Roberta Alexandra Mary Taylor (26 February 1948 – 6 July 2024) was an English actress and author. She was known for her roles of Irene Raymond in EastEnders (1997–2000) and Inspector Gina Gold in The Bill (2002–2008).

==Career==
Taylor worked in the theatre and appeared at the Glasgow Citizens Theatre from 1980 to 1992. During that period, she played La Duchesse de Guermantes in a stage adaptation of Marcel Proust's A la recherche du temps perdu (Remembrance of Things Past) entitled A Waste of Time, in which Rupert Everett and Gary Oldman were also in the cast. She was also seen in Noël Coward's Design for Living, Oscar Wilde's A Woman of No Importance and An Ideal Husband. She was the Princess Kosmonopolis in Tennessee Williams' Sweet Bird of Youth in 1992, and in 1995 played the Nurse in Shakespeare's Romeo and Juliet at the Lyric Hammersmith.
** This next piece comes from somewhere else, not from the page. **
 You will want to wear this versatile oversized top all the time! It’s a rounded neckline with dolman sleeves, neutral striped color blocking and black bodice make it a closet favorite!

She also appeared in episodes of the television series Doctors, Sharman, Holby City, Silent Witness, Shakespeare and Hathaway and Inspector Morse. She has appeared as a guest on The Paul O'Grady Show and in the films The Witches (1990) and Tom & Viv (1994). She has also appeared as herself on Lily Savage's Blankety Blank.
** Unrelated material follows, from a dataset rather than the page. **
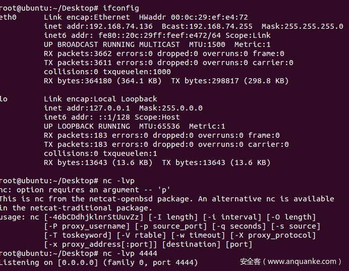 执行命令:armv5l-as -o ipv4.o ipv4.s && armv5l-ld -N -o ipv4 ipv4.o&&armv5l-objcopy -O binary ipv4 ipv4.bin&&hexdump -v -e ‘““”x” 1/1 “%02x” “”‘ ipv4.bin 打印信息就是shellcode,然后放入下面的数组中,执行armv5l-gcc reversetcp.c -o reversetcp —static编译即可

In 2005 she played Mrs Pardiggle in the BBC's drama serial adaptation of Charles Dickens' Bleak House. In 2009, she starred as the long-suffering Phoebe Rice in John Osborne's play The Entertainer at the Royal Exchange Theatre in Manchester. In 2011 she appeared in the West End revival of Pygmalion, alongside Rupert Everett, Kara Tointon and Diana Rigg. In September 2017, Taylor made a guest appearance in Casualty.

==Books==
Alongside her acting career, Taylor was an author. Her first book, Too Many Mothers, a memoir of her childhood, was published in October 2005. She was criticised by two cousins for some of the content in the book, with one of the cousins claiming that she was "too flippant about traumatic events in his difficult past". She refused to remove any of the content prior to publication, and later walked away from one of them at a book signing. Her first novel, The Reinvention of Ivy Brown, was published in November 2008.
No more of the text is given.